When was data transfered for the clEnqueueNDRangeKernel?

I called clEnqueueNDRangeKernel many times with the same kernel to the same queue, and every time only a small part of parameters were changed.
I think only the changed parameters need to be transfered to the queue, is that true?
I used to think it is the clSetKernelArg that transfered data, but I was told it is not.
But before I called clEnqueueNDRangeKernel, no other command is more suspicious than clSetKernelArg.
Who can tell me the truth?

My mental model is that clSetKernelArg just changes data on host side, and clEnqueueNDRangeKernel is what sends it to the GPU queue. My assumption is that a copy of the parameters are made during that call. So you should be able to only change the few parameters that are changing and queue it up again. If you are worried that arg change after enqueue somehow are affecting the enqueued kernel, you can write a small test kernel to prove it one way or the other.

Thank you Dithermaster.
What I am being worried about is the bus time to be occupied.
If unchanged parameters are still need to be tranfered again and again, I will change my code.
My program gets the right results, but the spending time not changed when I use 2 devices, I am looking for the reason.
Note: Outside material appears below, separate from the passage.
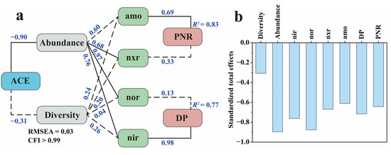 SEM is a statistical methodology that analyzes the relationships between variables based on their covariance matrix. The SEM framework for modeling the impact of ACE on the microbial N transformation process is presented in Figure 7a. The model’s validation findings, including RMSEA and CFI, suggested that the measurement model was valid and reliable. ACE exerted significant negative feedback effects (total effect = −0.90) on the N-cycling microbial community abundance while exerting no significant effect (total effect = −0.31) on the Shannon diversity index. These results were consistent with the above sequencing results, which showed that ACE inhibited the growth and reproduction of the N-cycling microbial community. Afterwards, the N-cycling microbial community abundance significantly positively affected nxr and nir activity, whereas the Shannon diversity index showed no significant effects on the activities of all four enzymes, which is indicative of a direct correlation between enzymatic activity and N microbial abundance but not with diversity. Finally, amo activity showed a significant effect (total effect = 0.69) on the PNR, and nir showed a significant effect (total effect = 0.98) on the DP, which indicates that, under ACE inhibition, the amo enzyme drove more changes in PNR than the nxr enzyme and the nir enzyme was more indicative of changes in DP than the nor enzyme.
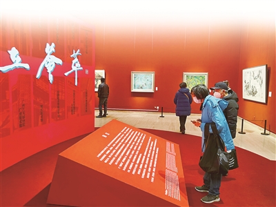 20世紀50年代以后,反映熱火朝天生活的藝術(shù)樣式漸漸成為主流,畫家們開始在傳統(tǒng)筆墨中融入新的風格。江蘇省美術(shù)館展廳展出了江蘇藝術(shù)群體“新金陵畫派”的作品。新金陵畫派是20世紀中國畫壇的重要畫派之一,畫家們倡導(dǎo)“思想變了,筆墨就不能不變”的藝術(shù)理念,在繼承傳統(tǒng)的基礎(chǔ)上以新筆墨反映時代的巨大變化。

The maximum size of all parameters has to be less than 1K or 2K (I’m not going to check the spec, but it’s something like that). The setup for such a transfer costs more than the transfer itself. I’d be surprised if you could even measure a difference in launch time for a kernel with many parameter versus one with few. Maybe. In any case, measure before assuming you need to optimize this. If kernel launch time is a big part of your runtime, maybe you’re launching too many short runtime kernels and should figure out how to make them run longer.

Thank you, Dithermaster.
Sorry for my poor English, I think I’d better present some code:

//the kernel has 4 arguments
size_t global_size[1];
global_size[0] = 10000;
for(j=0; j<10; j++)
…cl_mem buff0 = clCreateBuffer(context, CL_MEM_READ_ONLY | CL_MEM_COPY_HOST_PTR,…);
…cl_mem buff1 = clCreateBuffer(context, CL_MEM_READ_WRITE | CL_MEM_COPY_HOST_PTR,…);
…clSetKernelArg(kernel, 0, sizeof(cl_mem), &buff0);
…clSetKernelArg(kernel, 1, sizeof(cl_mem), &buff1);
…for(i=0; i<10; i++)
…cl_mem buff2 = clCreateBuffer(context, CL_MEM_READ_ONLY | CL_MEM_COPY_HOST_PTR,…);
…cl_mem buff3 = clCreateBuffer(context, CL_MEM_READ_ONLY | CL_MEM_COPY_HOST_PTR,…);
…clSetKernelArg(kernel, 2, sizeof(cl_mem), &buff2);
…clSetKernelArg(kernel, 3, sizeof(cl_mem), &buff3);
…clEnqueueNDRangeKernel(queue, kernel, 1, NULL, global_size, NULL, 0, NULL, NULL);
…clEnqueueReadBuffer(queue, buff1, CL_TRUE, 0,…);

I think buff0 and buff1 were transfered to device 10 times, and buff2 and buff3 were transfered to device 100 times.
Is that right?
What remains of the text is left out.